### Work task
Before you write out the listing, remove the pictures; everything else stays exactly as it is.

### Supplied information
....................

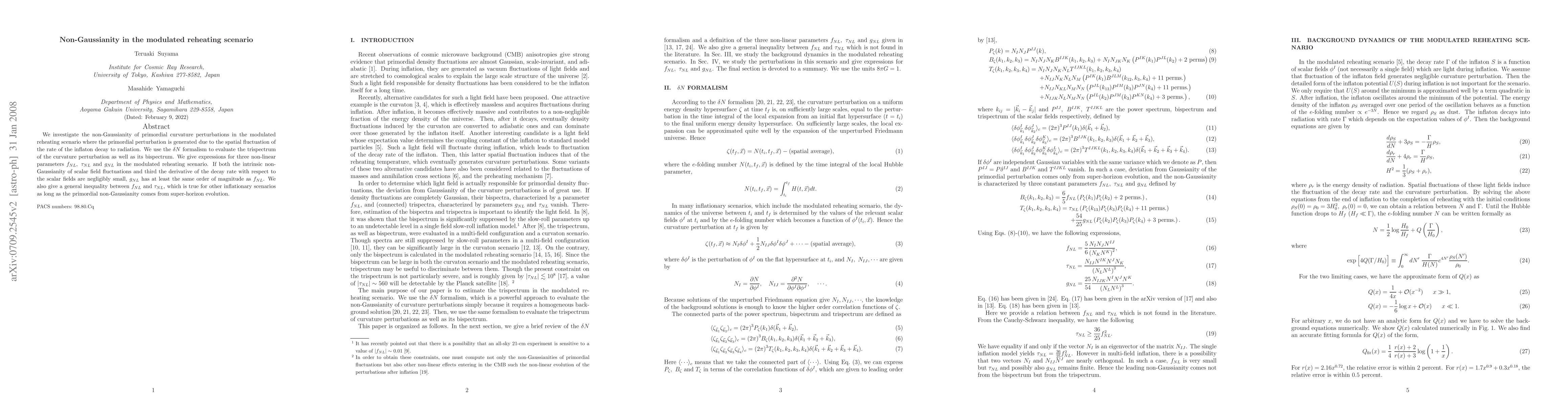 This paper examines the non-Gaussianity of primordial curvature perturbations in the modulated reheating scenario, using the $\delta N$ formalism to analyze the trispectrum and bispectrum. The study derives expressions for non-linear parameters $f_{NL}$, $\tau_{NL}$, and $g_{NL}$, finding that $g_{NL}$ is comparable to $f_{NL}$ under certain conditions.
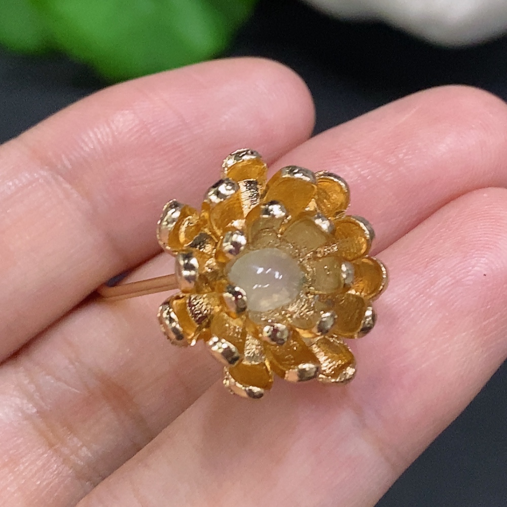 Jadeite Cabochon Inlaid Hair Accessory Non-Gold Inlaid Total Weight Approximately 5.9g
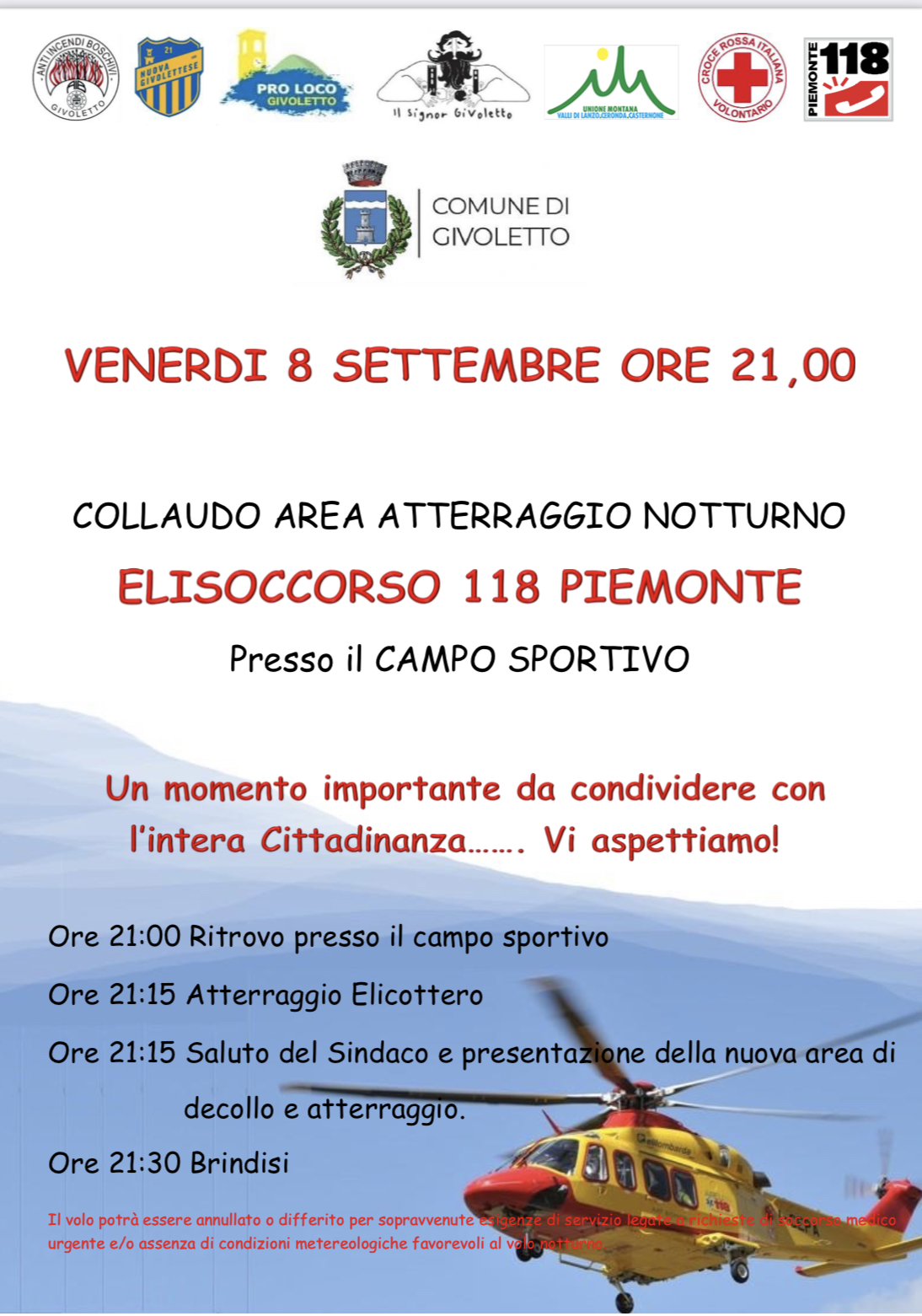 Venerdi' 8 Settembre alle ore 21.00 presso il campo sportivo, verrà eseguita la prova di collaudo e d inaugurazione dell'area di atterraggio notturno dell'elisoccorso. Siete tutti invitati a partecipare.

....................

### Reply
 This paper examines the non-Gaussianity of primordial curvature perturbations in the modulated reheating scenario, using the $\delta N$ formalism to analyze the trispectrum and bispectrum. The study derives expressions for non-linear parameters $f_{NL}$, $\tau_{NL}$, and $g_{NL}$, finding that $g_{NL}$ is comparable to $f_{NL}$ under certain conditions.
 Jadeite Cabochon Inlaid Hair Accessory Non-Gold Inlaid Total Weight Approximately 5.9g
 Venerdi' 8 Settembre alle ore 21.00 presso il campo sportivo, verrà eseguita la prova di collaudo e d inaugurazione dell'area di atterraggio notturno dell'elisoccorso. Siete tutti invitati a partecipare.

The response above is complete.